[WHAT TO DO]:
Copy out again, unchanged, the listing below from the line that has "POR PABLO GALINDO" through the line that has "Rules, regulations and".

[RECORDS FOR PROCESSING]:
-- -- --
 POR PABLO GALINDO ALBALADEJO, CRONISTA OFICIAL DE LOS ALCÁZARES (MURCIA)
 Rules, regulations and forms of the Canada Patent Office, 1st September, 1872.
-- -- --
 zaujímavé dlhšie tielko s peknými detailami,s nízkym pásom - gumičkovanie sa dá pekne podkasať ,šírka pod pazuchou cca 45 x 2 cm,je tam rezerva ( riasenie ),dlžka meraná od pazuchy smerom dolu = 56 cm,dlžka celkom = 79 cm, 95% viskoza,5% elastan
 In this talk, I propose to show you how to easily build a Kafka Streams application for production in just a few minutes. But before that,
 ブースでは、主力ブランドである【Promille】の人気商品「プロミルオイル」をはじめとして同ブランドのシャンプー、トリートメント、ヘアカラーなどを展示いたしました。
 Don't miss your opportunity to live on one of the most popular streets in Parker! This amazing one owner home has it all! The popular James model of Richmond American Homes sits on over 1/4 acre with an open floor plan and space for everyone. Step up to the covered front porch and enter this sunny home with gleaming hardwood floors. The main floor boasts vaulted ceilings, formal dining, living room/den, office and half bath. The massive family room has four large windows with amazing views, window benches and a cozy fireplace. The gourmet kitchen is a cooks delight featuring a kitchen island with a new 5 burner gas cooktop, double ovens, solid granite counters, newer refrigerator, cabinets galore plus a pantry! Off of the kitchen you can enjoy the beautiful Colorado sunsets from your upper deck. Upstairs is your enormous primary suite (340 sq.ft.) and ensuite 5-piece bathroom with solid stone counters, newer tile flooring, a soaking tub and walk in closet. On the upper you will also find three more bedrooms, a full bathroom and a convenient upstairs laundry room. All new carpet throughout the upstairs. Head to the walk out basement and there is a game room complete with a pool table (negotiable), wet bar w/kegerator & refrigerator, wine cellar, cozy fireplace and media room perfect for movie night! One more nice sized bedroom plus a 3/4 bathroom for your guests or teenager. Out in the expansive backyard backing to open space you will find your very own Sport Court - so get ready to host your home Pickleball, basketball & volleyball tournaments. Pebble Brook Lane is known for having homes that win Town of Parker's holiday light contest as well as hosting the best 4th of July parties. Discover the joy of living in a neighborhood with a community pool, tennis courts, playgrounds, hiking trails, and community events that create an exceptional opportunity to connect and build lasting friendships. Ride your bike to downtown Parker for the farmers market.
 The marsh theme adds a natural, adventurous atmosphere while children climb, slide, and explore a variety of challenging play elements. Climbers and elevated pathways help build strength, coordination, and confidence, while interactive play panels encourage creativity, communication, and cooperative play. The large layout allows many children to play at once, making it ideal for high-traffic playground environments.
-- -- --
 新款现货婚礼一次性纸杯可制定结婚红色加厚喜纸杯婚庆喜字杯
-- -- --
[SOLUTION TO THIS PROBLEM]:
 POR PABLO GALINDO ALBALADEJO, CRONISTA OFICIAL DE LOS ALCÁZARES (MURCIA)
 Rules, regulations and forms of the Canada Patent Office, 1st September, 1872.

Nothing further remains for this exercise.